After discharge, cholangiography via T-tube was performed 2 times (at 4 weeks and 8 weeks after surgery). In 5 patients discharged with bile bag draining through the T-tube, if cholangiography showed no bile duct obstruction or leakage at four weeks after surgery, the T-tube was clamped. In 2 patients discharged with T-tube clamped, we also performed cholangiography at 4 weeks after surgery to evaluate whether there was bile duct obstruction or leakage. If cholangiography showed no bile duct obstruction or leakage, the T-tube remained clamped until 8 weeks after surgery. After checking the cholangiography at 8 weeks after surgery, T-tube was removed in all patients.
After the 8-week follow-up cholangiography, we removed the tube in our outpatient clinic (Fig. 2A, B). Biochemical data with or without imaging were checked at 4-month intervals during the first postoperative year with annual follow-up thereafter. Follow-up data were obtained from outpatient records. Symptoms, biochemical data, imaging results, long-term complications, postoperative diagnostics, and therapeutic interventions were reviewed.

RESULTS

During this period, 13 of the patients (0.45%) were treated for iatrogenic BDIs that occurred during laparoscopic cholecystectomy. All 13 patients required repair or reconstruction of the bile duct and a single expert hepatobiliary surgeon performed all these procedures. Five patients had partial BDIs, and they received a laparoscopic primary repair. The other 8 patients had transected BDIs (Fig. 3), and they underwent laparoscopic end-to-end biliary reconstruction with T-tube insertion. Among these 8 cases, one was a 30-year-old female patient who was referred to our hospital after experiencing a transected BDI during laparoscopic cholecystectomy, for which she underwent laparoscopic end-to-end anastomosis of the right posterior hepatic duct (RPHD) with T-tube within 48 hours after the initial surgery. Another 12 patients were injured in our hospital during laparoscopic cholecystectomy, but all of these injuries were detected intraoperatively and were immediately treated by 1-stage surgery.
Our series consisted of 6 women (75%) and 2 men (25%) with a mean age of 48.3 years (median, 49 years; range, 29–77 years). We attempted laparoscopic end-to-end biliary reconstruction with T-tube insertion on all 8 patients that had an iatrogenic BDI during laparoscopic cholecystectomy. However, 2 cases were converted to open surgery. One case is a 30-year-old female patient who was referred to our hospital after transected BDI. In that case, we tried the laparoscopic approach but soon converted to open surgery by severe diffuse inflammation in the operation field due to bile leakage for more than 24 hours after initial laparoscopic cholecystectomy. Another case is a 51-year-old male patient who underwent percutaneous transhepatic gallbladder drainage (PTGBD) preoperatively. In that case, we converted to open surgery by the difficulty of bleeding control at gallbladder bed. The most frequently injured site was the common bile duct (CBD) (5 of 8, 62.5%). The other injury sites were the right hepatic duct (RHD; n = 1), the left hepatic duct (LHD; n = 1), and the RPHD (n = 1). The most common injury type, according to Bismuth's classification, was type I (3 of 8, 37.5%), followed by type II (n = 2), type IV (n = 2), and type V (n = 1), in that order. Three patients received preoperative interventions: 2 patients underwent PTGBD for severe gallbladder distension, and another underwent endoscopic retrograde cholangiopancreatography (ERCP) for a CBD stone.
The mean operating time was 136.8 minutes (median, 135 minutes; range, 0–180 minutes). The mean hospital stay was 7.0 days (median, 4.5 days; range, 3.0–21.0 days). The mean duration of follow-up was 36.4 months (median, 34.0 months; range, 16.0–63.0 months). We observed one postoperative complication during the hospital stay.
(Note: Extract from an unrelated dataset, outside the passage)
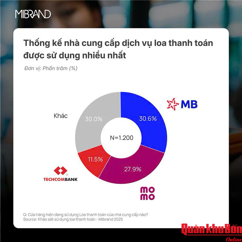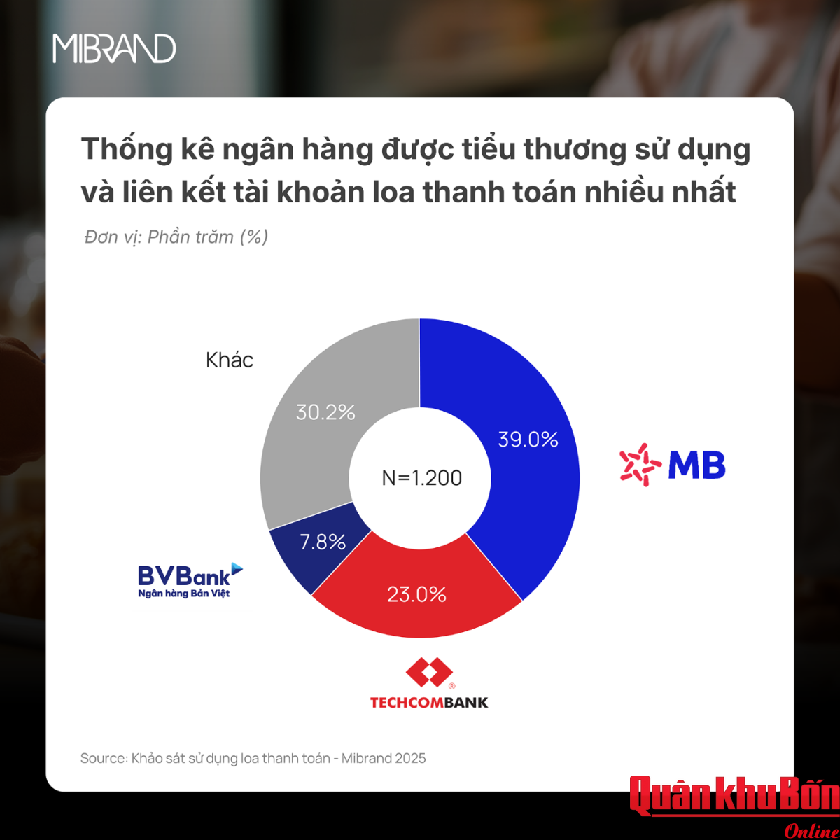Theo khảo sát mới nhất do Mibrand Việt Nam thực hiện cuối năm 2025, Ngân hàng TMCP Quân đội (MB) hiện là thương hiệu dẫn đầu thị trường loa thanh toán tại Việt Nam, đồng thời giữ vị trí Top 1 trong nhóm ngân hàng được hộ kinh doanh và tiểu thương lựa chọn đăng ký và sử dụng dịch vụ.

The patient had an anastomosis site leakage and was cured with the placement of an additional suture around the T-tube during reoperation on postoperative day 1. We also observed one in-hospital mortality on a postoperative day 21. However, because the death was due to the progression of acute myeloid leukemia, and not surgical complications, we excluded this patient from our complications list (Table 1). Follow-up cholangiography or magnetic resonance image showed focal bile duct stricture without bile duct dilatation or obstruction at anastomosis site (Fig. 4). After discharge and all during the follow-up period, none of the 7 patients experienced any complications, including no evidence of bile leakage and no abnormal laboratory findings. Furthermore, even after T-tube removal later in the follow-up period, no abnormalities requiring surgical or endoscopic treatment were observed.

DISCUSSION

There are many types of BDI for which various classifications have been proposed [7]. Bismuth's classification (1982) [8] and Strasberg's classification (1995) are the most commonly used systems [2], and, herein, we classified transected BDIs according to Bismuth's classification. The most frequently injured site among our study cases was CBD, with other injury sites being RHD, LHD, and RPHD. We classified the RHD injury and the LHD injury as type-IV injuries. The patients had anatomical variations in which the RHD and the LHD joined far from the hilum (Fig. 2B). In general, a focal injury of the bile duct during laparoscopic cholecystectomy can be treated with a laparoscopic primary closure without T-tube insertion. Otherwise, a transected BDI requires reconstructive surgery. Different biliary reconstructions for surgical treatment of iatrogenic BDI have been discussed: Roux-en-Y hepaticojejunostomy, end-to-end biliary anastomosis, choledochoduodenostomy, Lahey hepaticojejunostomy, jejunal interposition hepaticoduodenostomy, Blumgart (Hepp) anastomosis, Heinecke–Mikulicz biliary plastic reconstruction, and Smith mucosal graft.
Traditionally, most of transected BDIs have been treated by Roux-en-Y choledochojejunostomy (or hepaticojejunostomy) because end-to-end biliary anastomosis of a transected BDI is generally thought to increase the risk for anastomosis stricture and, consequently, high incidence of secondary repair [9]. Otherwise, currently, end-to-end anastomosis of the bile duct is the standard procedure for biliary reconstruction, including both living donor liver transplantation and deceased donor liver transplantation in adults. Some studies also suggested that end-to-end biliary reconstruction after BDI yielded similar short-term and long-term outcomes [5]. Consistent with previous findings, we performed eight cases of laparoscopic end-to-end biliary reconstruction for transected BDI during laparoscopic cholecystectomy, and we observed favorable short-term and long-term outcomes for our patients.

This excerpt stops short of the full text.